WHAT TO DO => Please make sure what you return matches the listing below exactly, minus its pictures.

EXTRACTED DATA =>
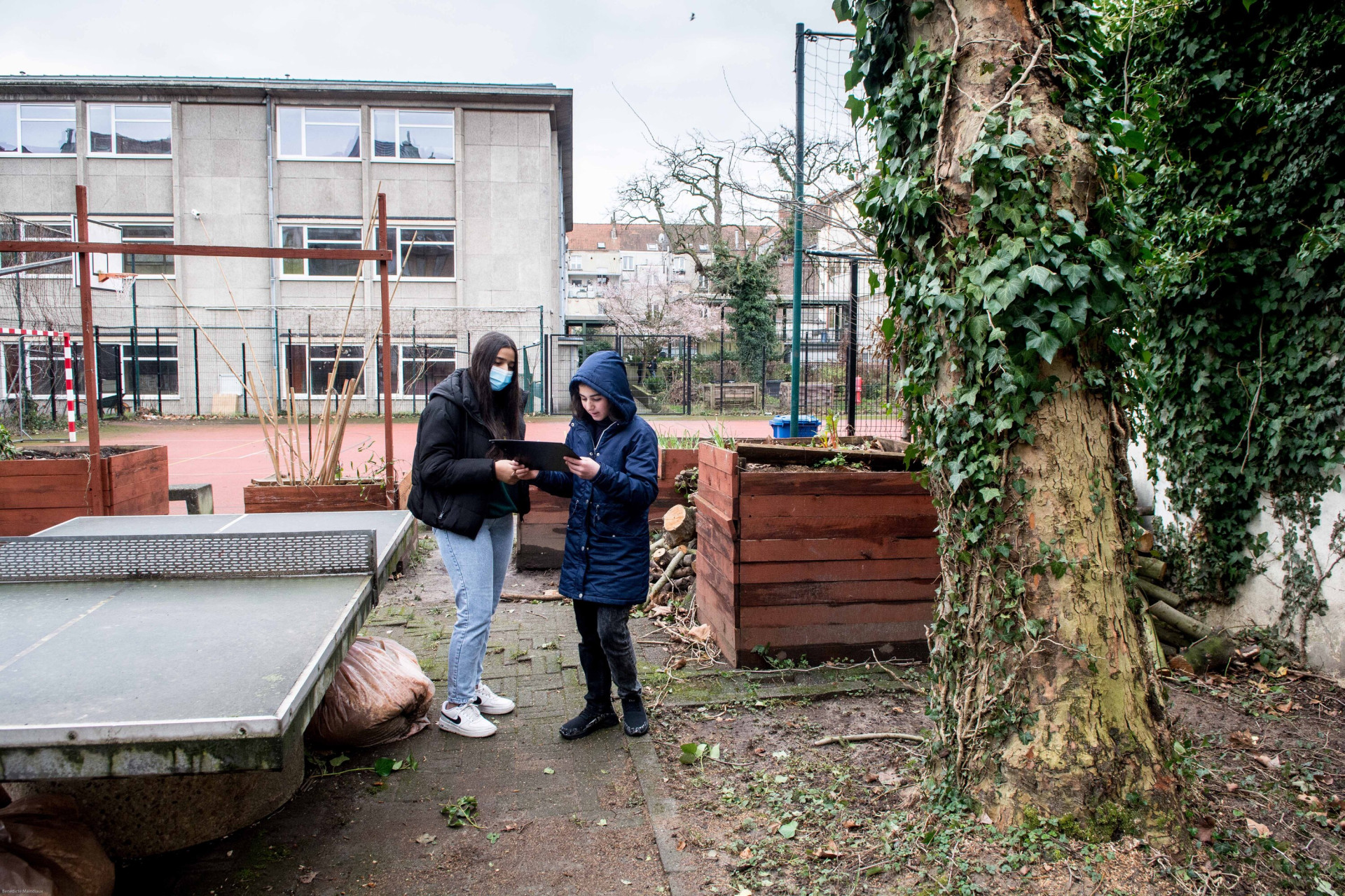 Qu’en est-il de la biodiversité à l’école ? Est-elle la bienvenue et d’où peut-elle venir ? « Il y a beaucoup de grands parcs aux alentours mais on est entourés par les rails du train qui peuvent être des obstacles pour certains animaux comme les hérissons par exemple. Il y a déjà pas mal de pigeons dans la cour. On pourrait installer des nichoirs pour accueillir d’autres espèces d’oiseaux », propose Nedjmija. « Et aussi planter plus de fleurs pour attirer les abeilles », conclut sa voisine.
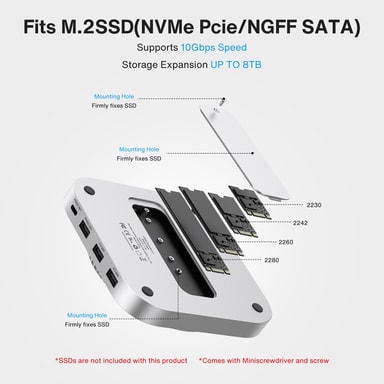 Op til 8 TB SSD-lagring: Fleksibel NVMe SSD-installation giver professionel lagring direkte i docken
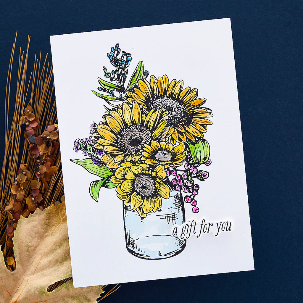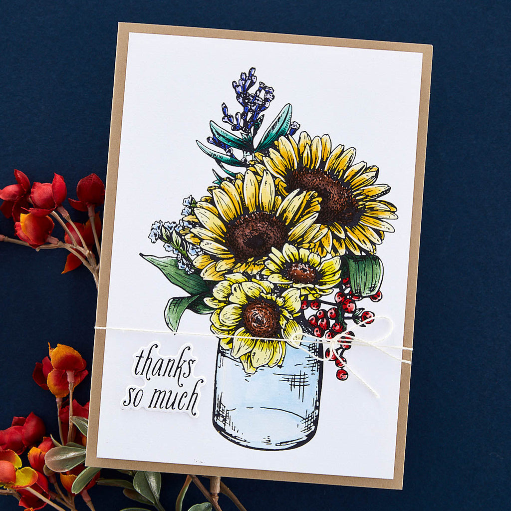 Sunflower Bouquet Press Plate & Die Set is part of the Serenade of Autumn Collection and comes with a lovely sunflower bouquet in a container press plate. To finish out the set, there are four sentiment press plates with coordinating dies to cut out each phrase. Ink the plates with the BetterPress Ink to be pressed against the BetterPress Cotton Card Panel and Sheets for a crisp letterpress design.
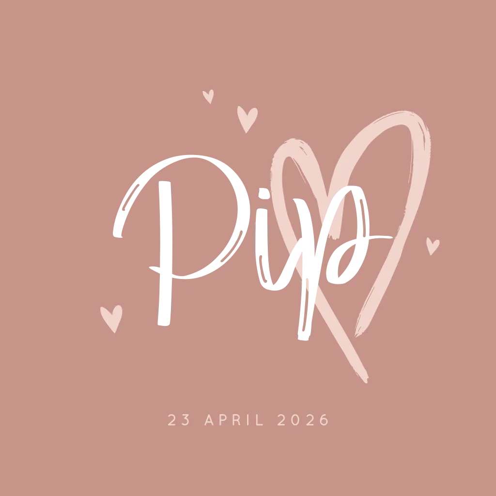 Hip geboortekaartje voor meisje met hartjes en naam in goudfolie. Liever de naam in rosé- of goudfolie? Dit pas je gemakkelijk zelf aan in onze editor.
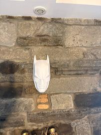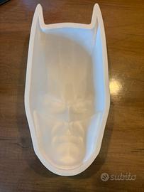 Volto di Batman alto 32 cm di colore bianco personalizzabile come meglio si vuole con dei semplici colori acrilici, sconsiglio il pennarello. Nel retro è presente un foro per essere appeso al muro con un chiodo.

RESPONSE AREA =>
 Qu’en est-il de la biodiversité à l’école ? Est-elle la bienvenue et d’où peut-elle venir ? « Il y a beaucoup de grands parcs aux alentours mais on est entourés par les rails du train qui peuvent être des obstacles pour certains animaux comme les hérissons par exemple. Il y a déjà pas mal de pigeons dans la cour. On pourrait installer des nichoirs pour accueillir d’autres espèces d’oiseaux », propose Nedjmija. « Et aussi planter plus de fleurs pour attirer les abeilles », conclut sa voisine.
 Op til 8 TB SSD-lagring: Fleksibel NVMe SSD-installation giver professionel lagring direkte i docken
 Sunflower Bouquet Press Plate & Die Set is part of the Serenade of Autumn Collection and comes with a lovely sunflower bouquet in a container press plate. To finish out the set, there are four sentiment press plates with coordinating dies to cut out each phrase. Ink the plates with the BetterPress Ink to be pressed against the BetterPress Cotton Card Panel and Sheets for a crisp letterpress design.
 Hip geboortekaartje voor meisje met hartjes en naam in goudfolie. Liever de naam in rosé- of goudfolie? Dit pas je gemakkelijk zelf aan in onze editor.
 Volto di Batman alto 32 cm di colore bianco personalizzabile come meglio si vuole con dei semplici colori acrilici, sconsiglio il pennarello. Nel retro è presente un foro per essere appeso al muro con un chiodo.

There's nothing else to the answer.